I think, however, that things get rather more complicated with genAI. Not only is this kind of technology difficult to train ethically (by which I mean not only questions of unjust appropriation of data, but also the inclusion and promotion of the voices of the poor, the oppressed, and the marginalized, who are more significant dialogue partners than the rich, the strong, and the long-since heard). In addition, we must carefully and honestly discern something about usus and fruitio.
With every use of genAI, we have to figure out whether, and to what extent, our intention is, or could legitimately be, usefulness, rather than a communication of the human contemplative dimensions of truth, beauty, and love. We need to involve self-examination (as to our goal), regard for moral norms (any abstract rules), and consideration of what our audience or interlocutors can reasonably expect from us (social awareness). This initial discernment sounds like a lot. And it is. This is new. It’s also big. At first, authentic discernment will probably take us a fair bit of time. Once we are used to it, however, the evaluation might speed up.

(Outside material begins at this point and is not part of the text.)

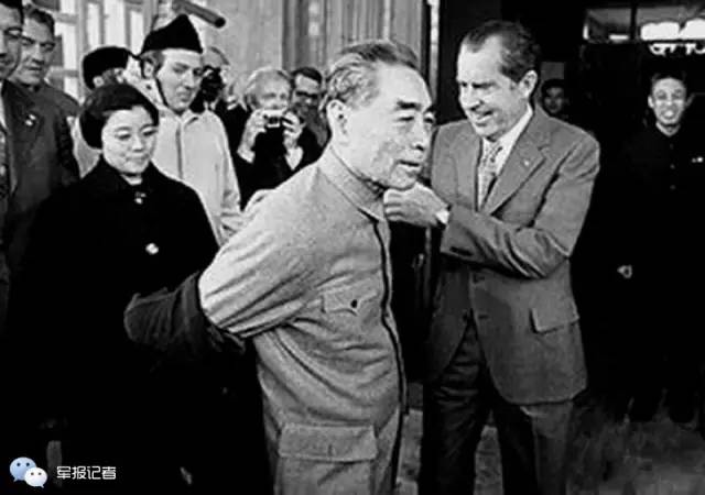 尼克松亲自为周总理脱大衣。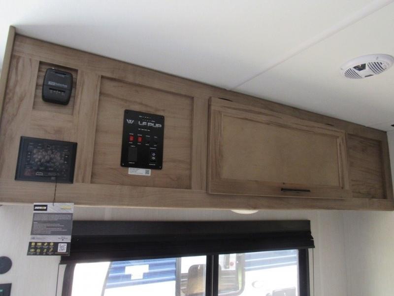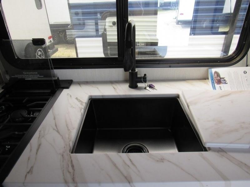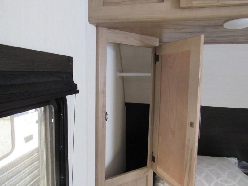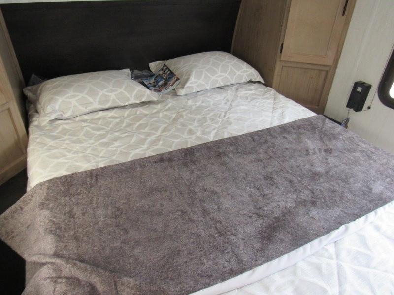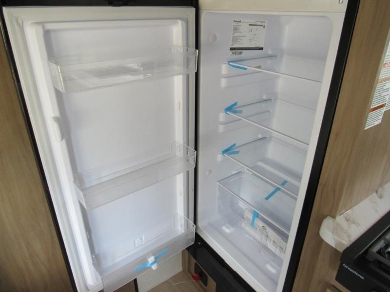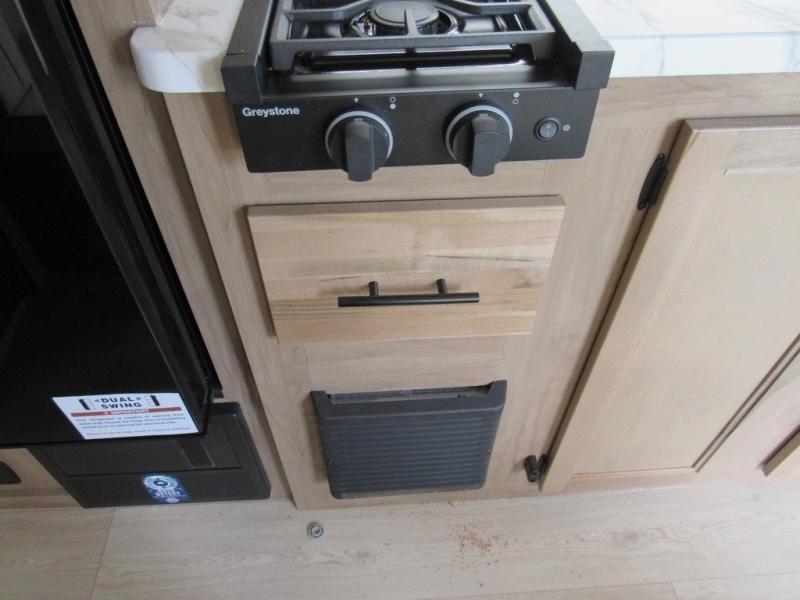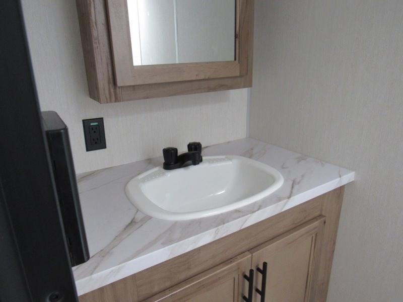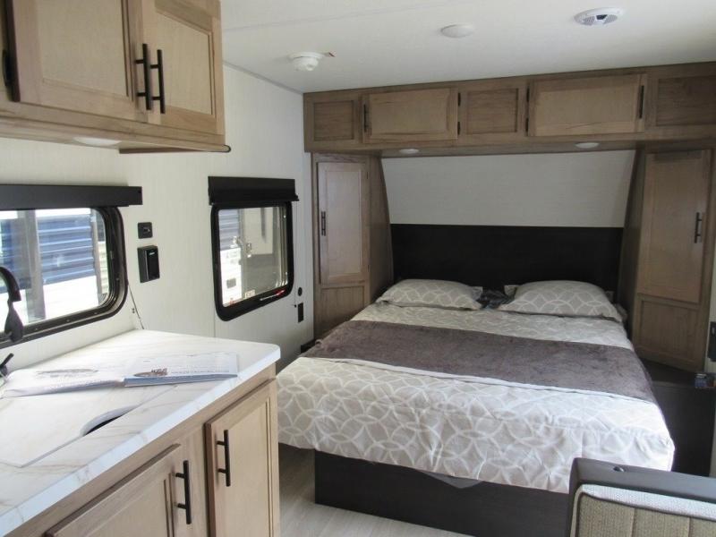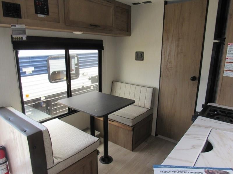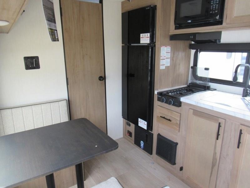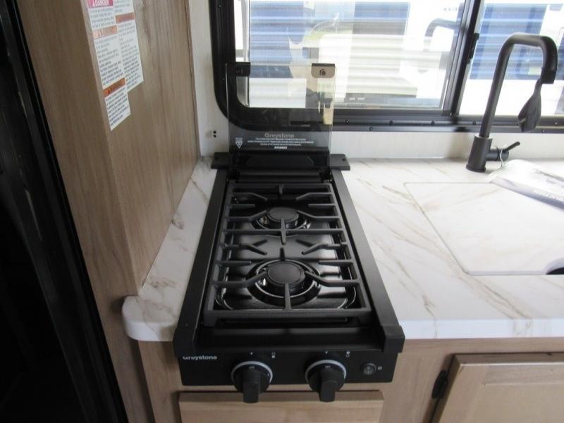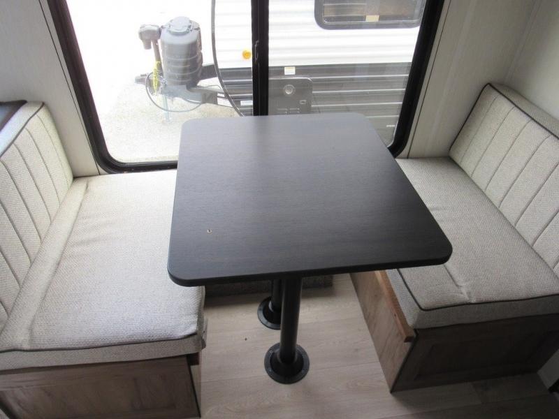 You will love camping in this travel trailer with a front queen bed. Freshen up each morning in the full rear bathroom with the tub/shower, a toilet, and sink. Fill your bellies with the perishables stored in the 12V high efficiency refrigerator and cook them on the high output cooktop then enjoy them at the booth dinette. You could even prepare a meal while breathing in some fresh air at the outside mini kitchen while staying protected by the 12' power awning. Easily store all of your outdoor gear in the outside storage area too!

It might take but a moment—habitus being “second nature” and all that.
Through honest and clear discernment, we will know whether, and to what extent, an implementation of genAI—the avatar of utility—is reasonable. That sets the upper limit or boundaries of its use. To exceed the measure of reason would be morally wrong. It’s fundamentally disordered to put usus where we ourselves intend, or could only ever legitimately intend, fruitio. We can’t do that without harming ourselves and/or others.
Or, to cast the same rule in a positive, rather than negative, form: At the end of the day, we should be able to say of all AI usage that there is usus (utility) only where we expect usus, and there is fruitio (enjoyment, contemplative dimensions, a human relationship to truth, artistic conception, beauty, etc.) where we expect fruitio.

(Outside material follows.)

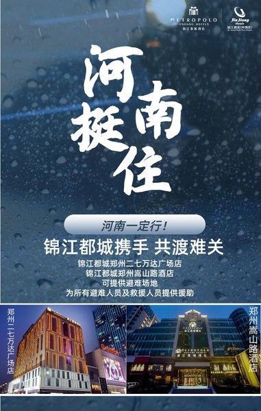 最后,锦江都城提醒广大宾客,在此期间注意出行安全,如无必要情况,近量避免前往雨情较大地区。以乐观、理性的态度应对此次特大暴雨汛情。锦江都城酒店品牌将与大家携手共渡难关。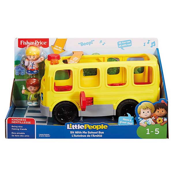 Coloca a la conductora Emily™ frente al volante para oír canciones divertidas y sonidos, y luego pon en marcha el autobús para ir hacia el cole! ¡Los niños pequeños incluso pueden ayudar a Eddie™ a hacer amigos nuevos llevando más personajes de Little People® con el autobús y sentándolos a todos juntos! Las figuras adicionales se venden por separado.

This is not the whole of the AI question, but it is a substantial chunk of it. And the amount of genAI usage that passes this basic test is quite low. It is probably lower than we—certainly the enthusiastic among us, maybe even the skeptical among us—think. And that is the most generous and moderate way that I can express my thoughts on this matter.
If I can dare to mention it, there’s one more contemplative consequence. We are currently going through a social crisis in our God-given aesthetic and contemplative sense. Now, on top of everything else, there are people who replace meagre, though expected, amounts of fruitio in social spaces with more and more usus. Our surroundings become increasingly utilitarian. Our social ecosystems become increasingly manipulative. Even when the personal use of genAI might be okay, it’s being put into social spaces without first having a conversation about it in the same way we’d have a conversation about noise and light pollution. This is just making the situation worse, because right now we need more contemplative presence, more mystery, more human depths, more communication of the heart, not less. This crisis is, I think, very acute. One senses that we’re on the edge of a precipice.
It sounds bleak. But I do think that with an Augustinian pope, we have been gifted with the right person on the Chair of Peter at exactly the right time. What’s useful? What’s contemplative? It’s going to be questions similar to these, even if not entirely identical to them, which navigate us, in the barque of Peter for sure and maybe also on this little planet as a whole, through the mines that are sloshing around in the sea.